= Beginning of Section =

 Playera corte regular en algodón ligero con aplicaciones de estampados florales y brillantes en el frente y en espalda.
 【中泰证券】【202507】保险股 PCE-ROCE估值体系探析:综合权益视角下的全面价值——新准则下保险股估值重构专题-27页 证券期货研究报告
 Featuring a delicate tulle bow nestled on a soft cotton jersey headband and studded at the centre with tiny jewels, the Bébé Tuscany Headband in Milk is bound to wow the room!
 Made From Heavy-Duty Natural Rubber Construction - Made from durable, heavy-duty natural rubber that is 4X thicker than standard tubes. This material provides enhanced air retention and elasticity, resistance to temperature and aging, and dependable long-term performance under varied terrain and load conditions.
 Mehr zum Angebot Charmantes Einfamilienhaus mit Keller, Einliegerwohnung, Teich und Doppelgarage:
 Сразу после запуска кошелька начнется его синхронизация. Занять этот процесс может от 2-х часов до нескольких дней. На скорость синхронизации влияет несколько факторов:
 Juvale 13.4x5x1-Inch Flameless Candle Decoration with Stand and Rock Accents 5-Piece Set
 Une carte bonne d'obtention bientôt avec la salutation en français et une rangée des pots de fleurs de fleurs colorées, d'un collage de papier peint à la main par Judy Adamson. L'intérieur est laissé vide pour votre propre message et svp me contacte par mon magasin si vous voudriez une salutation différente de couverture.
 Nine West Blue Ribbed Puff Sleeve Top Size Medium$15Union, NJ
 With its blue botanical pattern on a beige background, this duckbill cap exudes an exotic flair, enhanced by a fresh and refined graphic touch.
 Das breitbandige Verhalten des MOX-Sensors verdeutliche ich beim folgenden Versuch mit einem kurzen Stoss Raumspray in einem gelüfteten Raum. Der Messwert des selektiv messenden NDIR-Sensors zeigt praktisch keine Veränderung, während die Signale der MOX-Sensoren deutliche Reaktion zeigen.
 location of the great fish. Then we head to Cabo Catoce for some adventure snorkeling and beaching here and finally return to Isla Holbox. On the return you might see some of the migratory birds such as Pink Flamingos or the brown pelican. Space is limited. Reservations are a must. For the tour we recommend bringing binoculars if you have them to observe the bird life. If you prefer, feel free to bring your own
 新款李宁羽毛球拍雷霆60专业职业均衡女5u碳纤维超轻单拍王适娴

= End of Section =

Return every line above exactly.

*Response to the exercise*
 Playera corte regular en algodón ligero con aplicaciones de estampados florales y brillantes en el frente y en espalda.
 【中泰证券】【202507】保险股 PCE-ROCE估值体系探析:综合权益视角下的全面价值——新准则下保险股估值重构专题-27页 证券期货研究报告
 Featuring a delicate tulle bow nestled on a soft cotton jersey headband and studded at the centre with tiny jewels, the Bébé Tuscany Headband in Milk is bound to wow the room!
 Made From Heavy-Duty Natural Rubber Construction - Made from durable, heavy-duty natural rubber that is 4X thicker than standard tubes. This material provides enhanced air retention and elasticity, resistance to temperature and aging, and dependable long-term performance under varied terrain and load conditions.
 Mehr zum Angebot Charmantes Einfamilienhaus mit Keller, Einliegerwohnung, Teich und Doppelgarage:
 Сразу после запуска кошелька начнется его синхронизация. Занять этот процесс может от 2-х часов до нескольких дней. На скорость синхронизации влияет несколько факторов:
 Juvale 13.4x5x1-Inch Flameless Candle Decoration with Stand and Rock Accents 5-Piece Set
 Une carte bonne d'obtention bientôt avec la salutation en français et une rangée des pots de fleurs de fleurs colorées, d'un collage de papier peint à la main par Judy Adamson. L'intérieur est laissé vide pour votre propre message et svp me contacte par mon magasin si vous voudriez une salutation différente de couverture.
 Nine West Blue Ribbed Puff Sleeve Top Size Medium$15Union, NJ
 With its blue botanical pattern on a beige background, this duckbill cap exudes an exotic flair, enhanced by a fresh and refined graphic touch.
 Das breitbandige Verhalten des MOX-Sensors verdeutliche ich beim folgenden Versuch mit einem kurzen Stoss Raumspray in einem gelüfteten Raum. Der Messwert des selektiv messenden NDIR-Sensors zeigt praktisch keine Veränderung, während die Signale der MOX-Sensoren deutliche Reaktion zeigen.
 location of the great fish. Then we head to Cabo Catoce for some adventure snorkeling and beaching here and finally return to Isla Holbox. On the return you might see some of the migratory birds such as Pink Flamingos or the brown pelican. Space is limited. Reservations are a must. For the tour we recommend bringing binoculars if you have them to observe the bird life. If you prefer, feel free to bring your own
 新款李宁羽毛球拍雷霆60专业职业均衡女5u碳纤维超轻单拍王适娴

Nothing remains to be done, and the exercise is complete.